Class names file not found at /data/medium-imagenet\classes.txt
HDF5 file not found at /data/medium-imagenet\medium-imagenet-nmep-96.hdf5
Please check the path and make sure the file exists.


# Explore Dataset Structure

In [None]:
# Function to recursively explore HDF5 structure
def explore_h5_structure(item, indent=0):
    if isinstance(item, h5py.Group):
        print(' ' * indent + f"Group: {item.name}")
        for key in item.keys():
            explore_h5_structure(item[key], indent + 4)
    elif isinstance(item, h5py.Dataset):
        print(' ' * indent + f"Dataset: {item.name}, Shape: {item.shape}, Dtype: {item.dtype}")

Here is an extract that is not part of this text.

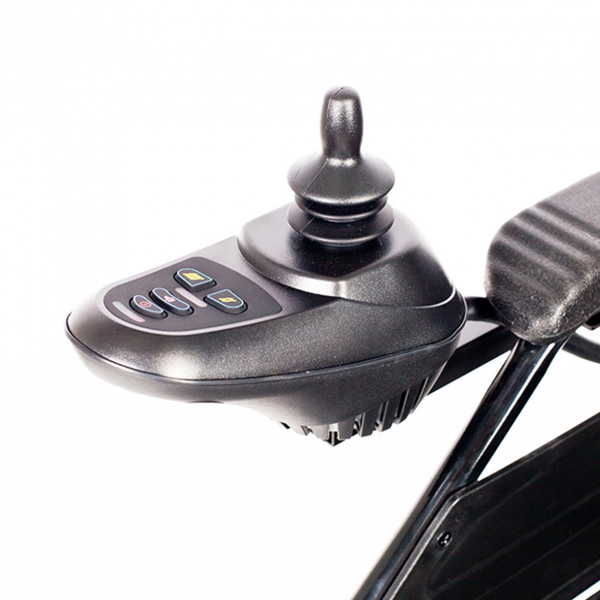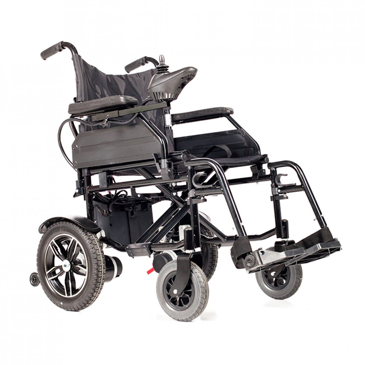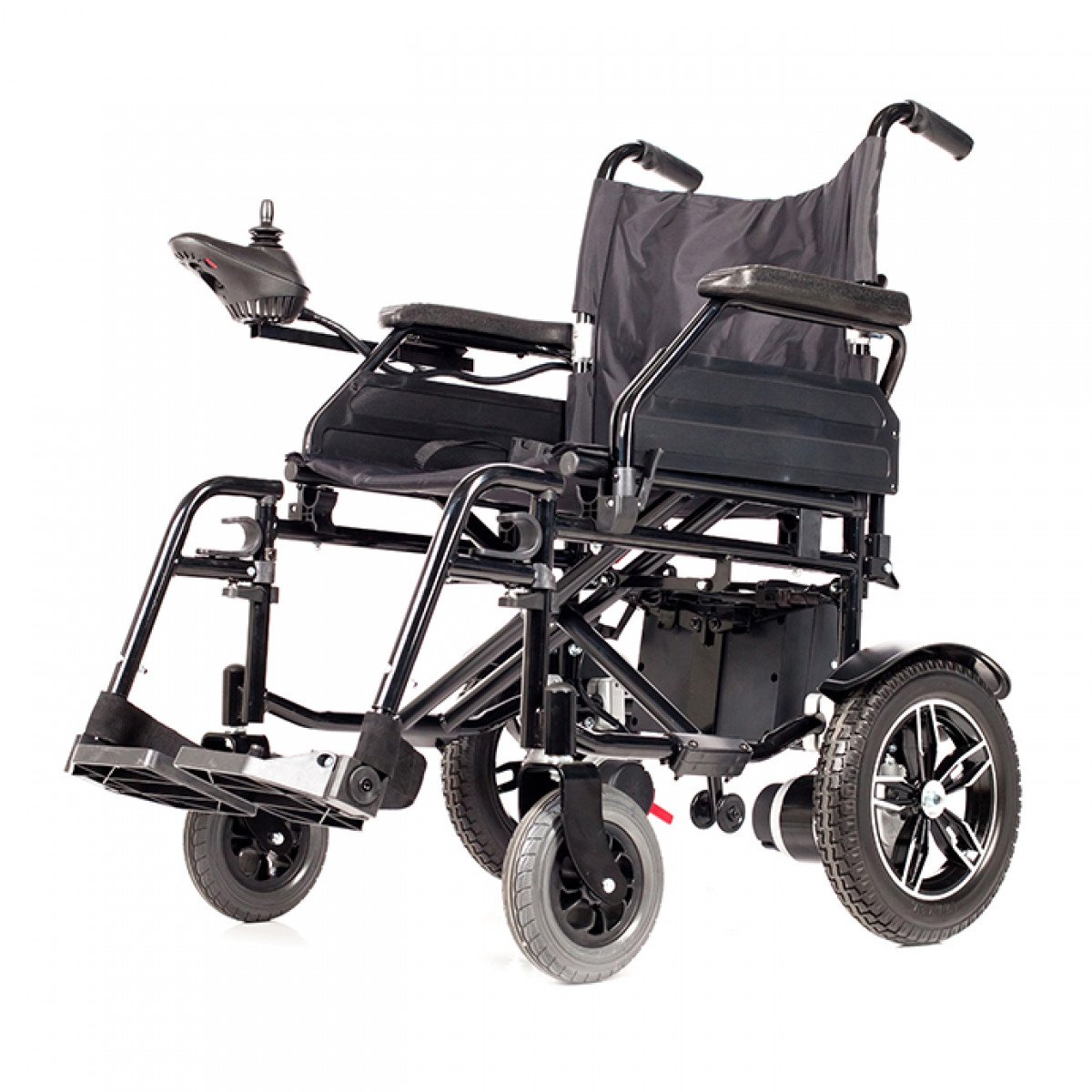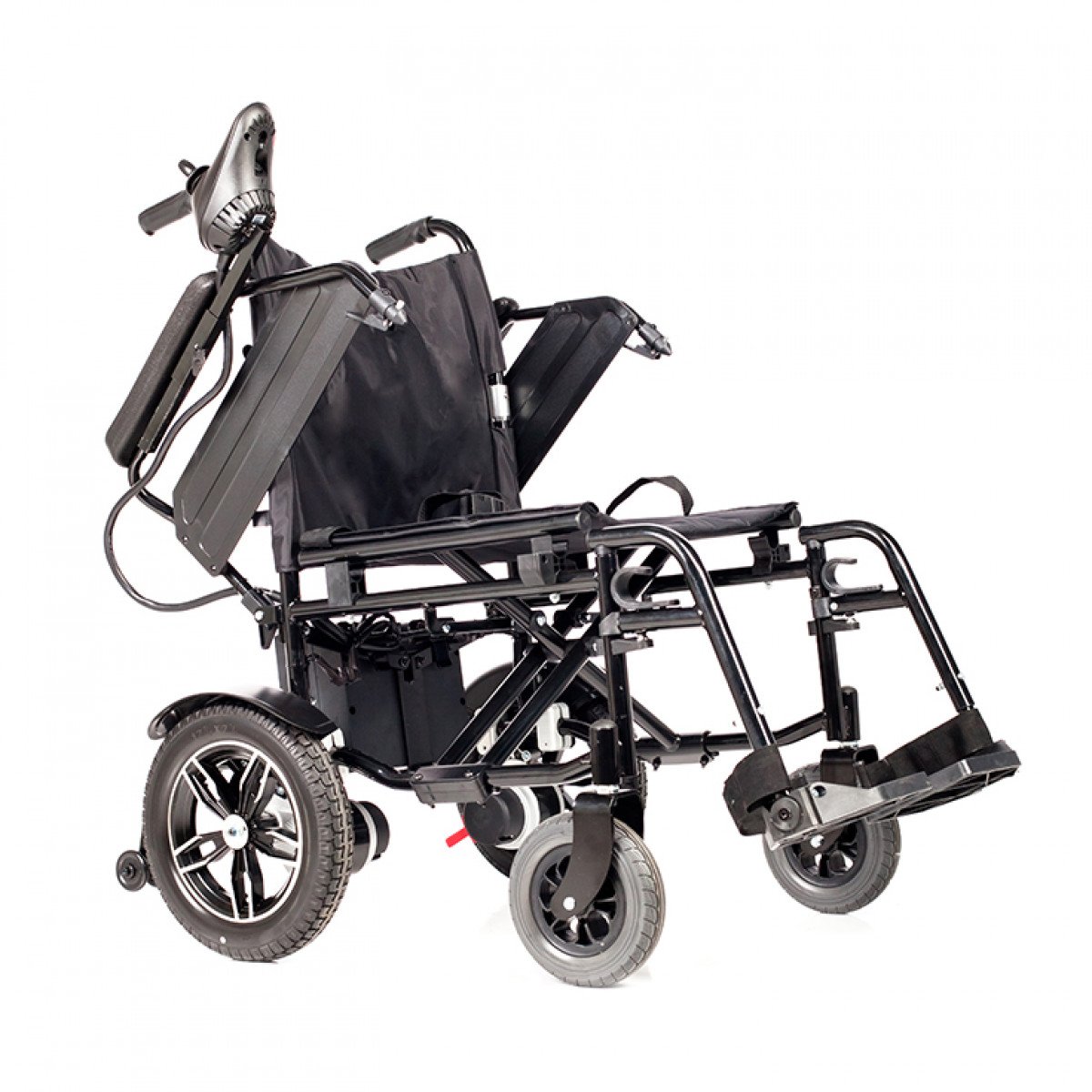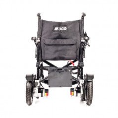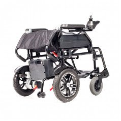 Коляска проста в использовании: пульт управления можно установить с удобной стороны и настроить по вылету, а при отключении электропривода модель легко переводится в режим сопровождения. Подлокотники и подножки — съёмно-откидные, что упрощает пересаживание и настройку под пользователя. Спинка складная, а сиденье выполнено из прочного материала, который не растягивается и легко очищается.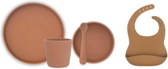 Jollein de dîner Jollein| Service de vaisselle pour enfants 4 pièces | Silicones | caramel + bavoir avec récipient | silicone | dîner |vaisselle pour enfants | cadeau de maternité | nouveau née |nourrisson | enfant

print("HDF5 File Structure:")
explore_h5_structure(h5_file)

# Visualize Training Examples

In [None]:
# Function to display a grid of images with their class names
def display_images(images, labels, num_images=10, title="Dataset Samples"):
    plt.figure(figsize=(15, 15))
    for i in range(min(num_images, len(images))):
        plt.subplot(int(np.ceil(num_images/4)), 4, i+1)
        plt.imshow(images[i])
        plt.title(f"Class: {class_names[labels[i]]}")
        plt.axis('off')
    plt.suptitle(title, fontsize=16)
    plt.tight_layout(rect=[0, 0, 1, 0.96])
    plt.show()

# Function to display a grid of images using torchvision's make_grid
def display_image_grid(images, labels, num_images=10, title="Dataset Samples Grid"):
    # Convert images to torch tensors and normalize
    tensor_images = [torch.from_numpy(img.transpose(2, 0, 1)).float() / 255.0 for img in images[:num_images]]
    grid = make_grid(tensor_images, nrow=5, padding=2)
    
    # Convert grid back to numpy for display
    grid_np = grid.numpy().transpose(1, 2, 0)
    
    plt.figure(figsize=(15, 10))
    plt.imshow(grid_np)
    plt.title(title, fontsize=16)
    plt.axis('off')
    
    # Add class names below the image
    class_text = ", ".join([class_names[labels[i]] for i in range(min(num_images, len(labels)))])
    plt.figtext(0.5, 0.01, f"Classes: {class_text}", wrap=True, horizontalalignment='center', fontsize=12)
    
    plt.tight_layout()
    plt.show()

# Visualize training samples
try:
    # Access train data and labels
    train_data = h5_file['train_data']
    train_labels = h5_file['train_labels']
    
    # Sample random indices
    num_samples = 12
    sample_indices = np.random.choice(len(train_labels), num_samples, replace=False)
    
    # Get the sampled images and labels
    sample_images = [train_data[i] for i in sample_indices]
    sample_labels = [train_labels[i] for i in sample_indices]
    
    # Display individual images
    display_images(sample_images, sample_labels, num_samples, "MediumImageNet Training Samples")
    
    # Display as a grid
    display_image_grid(sample_images, sample_labels, num_samples, "MediumImageNet Training Samples Grid")
    
except KeyError as e:
    print(f"Error accessing dataset: {e}")
    print("The HDF5 file structure might be different than expected.")
    print(f"Available keys: {list(h5_file.keys())}")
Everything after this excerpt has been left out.